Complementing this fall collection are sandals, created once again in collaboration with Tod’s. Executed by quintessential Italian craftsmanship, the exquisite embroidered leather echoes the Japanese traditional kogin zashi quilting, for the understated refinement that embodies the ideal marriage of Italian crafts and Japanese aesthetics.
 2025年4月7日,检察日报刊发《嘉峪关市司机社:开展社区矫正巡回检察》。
==
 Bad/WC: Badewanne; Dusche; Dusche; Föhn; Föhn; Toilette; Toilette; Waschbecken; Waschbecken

BRIEF: Using the data above, reproduce exactly the lines from the line that contains "Complementing this fall" through the line that contains "2025年4月7日,检察日报刊发《嘉峪关市司机社:开展社区矫正巡回检察》。", including both.

WRITTEN ANSWER:
Complementing this fall collection are sandals, created once again in collaboration with Tod’s. Executed by quintessential Italian craftsmanship, the exquisite embroidered leather echoes the Japanese traditional kogin zashi quilting, for the understated refinement that embodies the ideal marriage of Italian crafts and Japanese aesthetics.
 2025年4月7日,检察日报刊发《嘉峪关市司机社:开展社区矫正巡回检察》。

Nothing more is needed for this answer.